The forecast predicted rain all day today, so we booked another tour with Rabbie’s (the company we will be touring with tomorrow). We took the Outlander tour, which brings you to places where they’ve filmed parts of the show Outlander, which we really like. We had a nice small group and a nice, knowledgeable driver/tour guide, Grant. We headed out about 9 am from the bus station and our first stop was Doune Castle, which was the site used for Castle Leoch in Outlander, Winterfell in the Game of Thrones and also featured in Monty Python and the Holy Grail. It was big and had loads of tiny, winding stairs and was located in a very beautiful area where apparently there is a kite (the birds) viewing area. The weather was perfect, cool, windy and not rainy. Nice cloud cover made our pictures a lot nicer. 

Next we drove to the town of Falkland to see a special scene (when Jaime's ghost is watching Claire from down in the street), and have lunch. We had a nice lunch and warmed up a bit in a sweet cafe. John had a stuffed potato jacket, carrot and parsnip soup and salad, and I had a chicken and pesto mayo sandwich, carrot and parsnip soup and salad. The soup was fantastic and I’d like to try making it at home. 

Next stop was Midhope Castle, which was LallyBroch castle in Outlander, and I think Grant said had been featured in other movies and shows as well. It’s completely boarded up and you can’t go in, but it was cool to get photos at all the iconic places on the property.

Our final stop was Blackness Castle that is used as Fort William in Outlander and where the awful flogging scene was filmed.

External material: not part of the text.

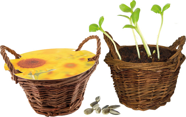 Beschreibung: Alles für das direkte Wachstum der Pflanzen aus dem Korb. Im Natur-Weidenkörbchen mit Henkel sind Erde, Pflanzanleitung und Samen eingelegt. Werbeaufdruck auf dem Standardmotiv oder eine eigene Gestaltung der Abdeckung, jeweils ab 250 Stück.
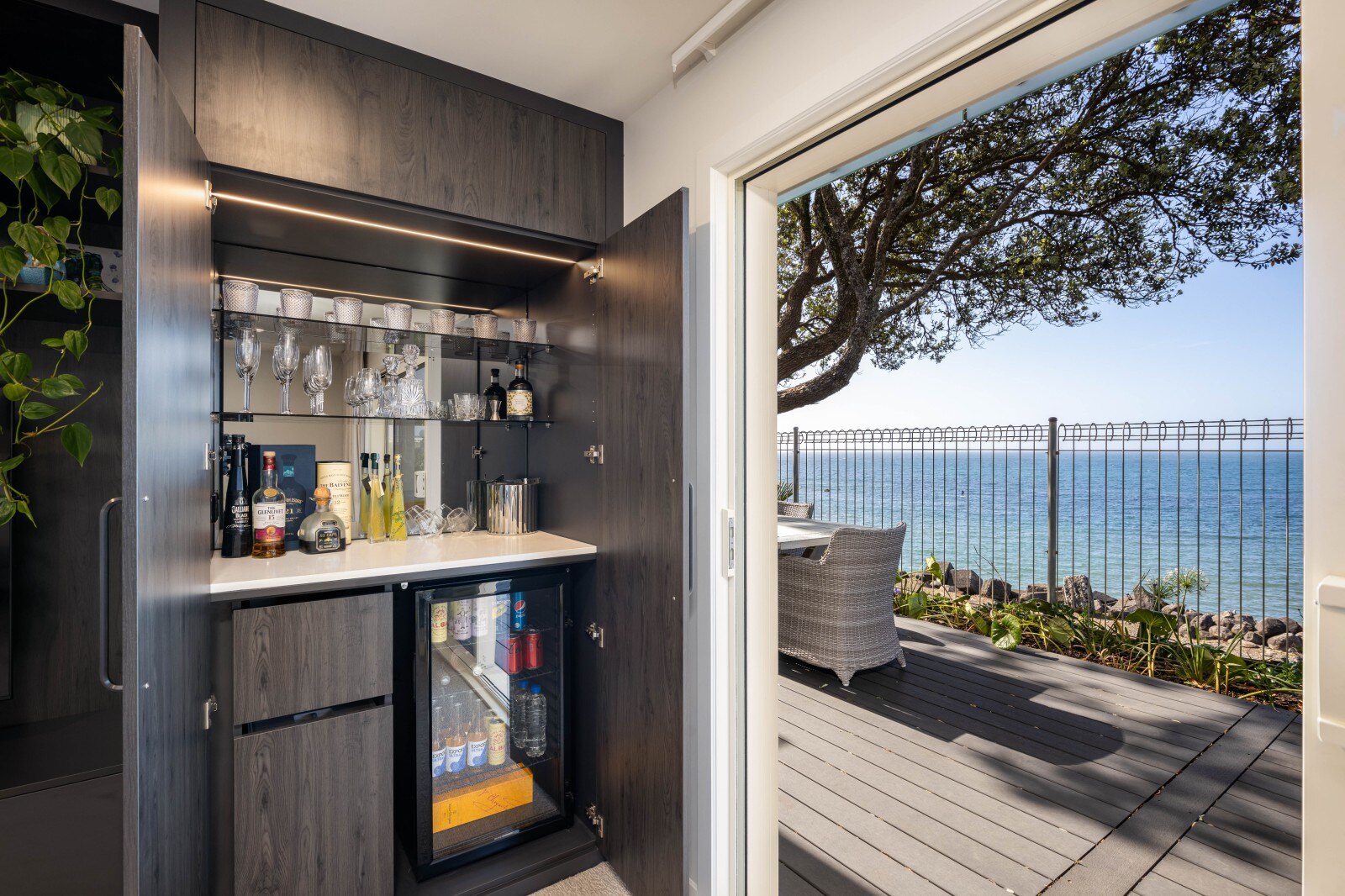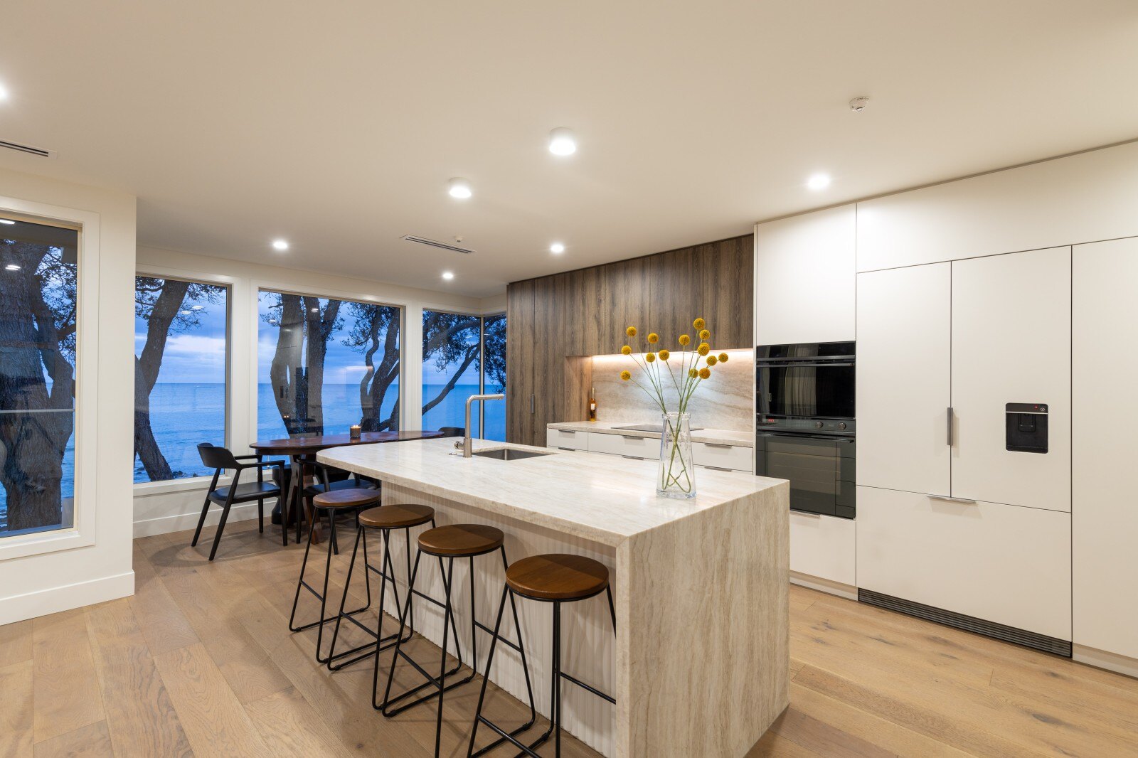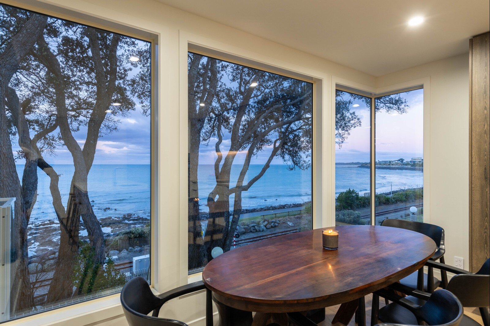 Step into the light filled, spacious entry and ascend the curved staircase to the top floor, where open plan living and dining spaces await, complemented by a stunning kitchen with top tier appliances and finishes. The master suite is a hidden sanctuary, accessed through a concealed door in the timber feature wall, offering a private oasis by the sea complete with a fully tiled ensuite and a wall of wardrobe storage. Step out onto the balcony to take in breathtaking coastal views and nearby coastal walkway.

This one, like a lot of other castles here, was built on top of a volcano, and this is very obvious in the floors in this castle where all the lumpy lava was found in the floors and walkways in just about every room and out in the courtyard/keep area. You and to extremely careful everywhere in and around this castle because of so many cobblestone, lava and teensy winding stairs. But it was a really cool place to be, SO windy in this place as it’s right on the sea. It had glorious views of the mountain range across the Firth of Fourth waterway. 

We resisted buying stuff because it was just a lot of gift stores, but I did find a couple of awesome books of folk tales and mythical creatures of Scotland that I’d like to buy once we are home. The lore here is so interesting! The Grant navigated through rush hour traffic to get us back safely to Glasgow. 

We went to a couple of local pubs afterwards looking for more music sessions, but could only stay a few. Minutes for a quick dram at The Scotia and could t even get in the door the Potstill, they were absolutely packed!

Now, time for bed since we’ve got an early start with our Rabbie’s tour to Mull and Iona!